Though, one could argue, say (very rough stats):
Scalar: ~ 55%
WEX : ~ 17% (has gone up slightly)
Jumbo : ~ 15% (this is just the jumbo prefixes)
Pred : ~ 13% (6.5% for ?T and ?F)
PrWEX : ~ 0.4%
Would, in terms of entropy, favor spending 0 or 1 bits per instruction on this.
But, spending 2 bits here allows the encoding space to be more orthogonal (at least in XG2). So, nearly any unconditional instruction can also be encoded in WEX'ed or Predicated forms (there are a few large unconditional-only instructions; their alternate forms used to encode the Jumbo prefixes and PrWEX blocks).
Like, a lopsided encoding space would be less ideal even if "more optimal" in a Huffman sense...
Though, FWIW, 25% isn't *that* far off from the ~17% of ops flagged as WEX in this example; granted, one could argue that superscalar could deal with this.
Granted, potentially a clever CPU could also avoid needing to burn an extra clock-cycle on a PRED op or similar, or 2 cycles to perform an unconditional branch, ... But, a naive CPU will likely not be able to avoid these sorts of costs.
Granted, some past architectures were like, "well, an instruction would be there already..." and treat the cycle following the branch as a branch-delay-slot. Granted, had resisted that urge, and had previously noted that if the delay-slot would contain an instruction that triggers a pipeline interlock stall, this would foul up the pipeline and cause the branch-initiation process to fail (and the "fix" here would have been a lot more painful if the ISA actually had branch-delay slots; rather than just the would-be delay slot instruction having failed to be "sufficiently ignored").

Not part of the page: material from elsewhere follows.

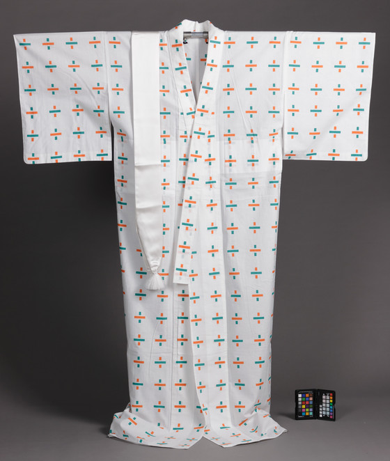 Woman's summer kimono (yukata): Cotton plain weave (sarashi), stenciled paste-resist dyed (chūsen); Sash (obi): Silk satin

In Baseline mode, the encoding-space breakdown differs:
75%: 16-bit ops
12.5%: 32-bit ops (7x/9x), R32..R64,
Scalar ops only covering a subset of the ISA.
6.25%: Pred (Ex)
6.25%: Scalar and WEX (R0..R31 only, Fx).
Or, if no XGPR:
87.5%: 16-bit ops.
6.25%: Pred (Ex)
6.25%: Scalar and WEX (R0..R31 only, Fx).
Where the encoding of the Ex and Fx blocks is common between Baseline and XG2 (allowing for a common subset to exist).
Comparably, XG2 Mode, despite only 1/4 of the encoding space being used for Scalar ops, generally still ends up expanding some of the immediate fields and similar vs Baseline mode (and mostly avoiding the need to use Op64 encodings due to the more orthogonal encodings).
Also seems like a reasonable tradeoff, as the 2 bits effectively gain:
Per-instruction predication;
WEX / Bundle encoding;
Jumbo prefixes;
...
But, maybe otherwise could have justified slightly bigger immediate fields, dunno.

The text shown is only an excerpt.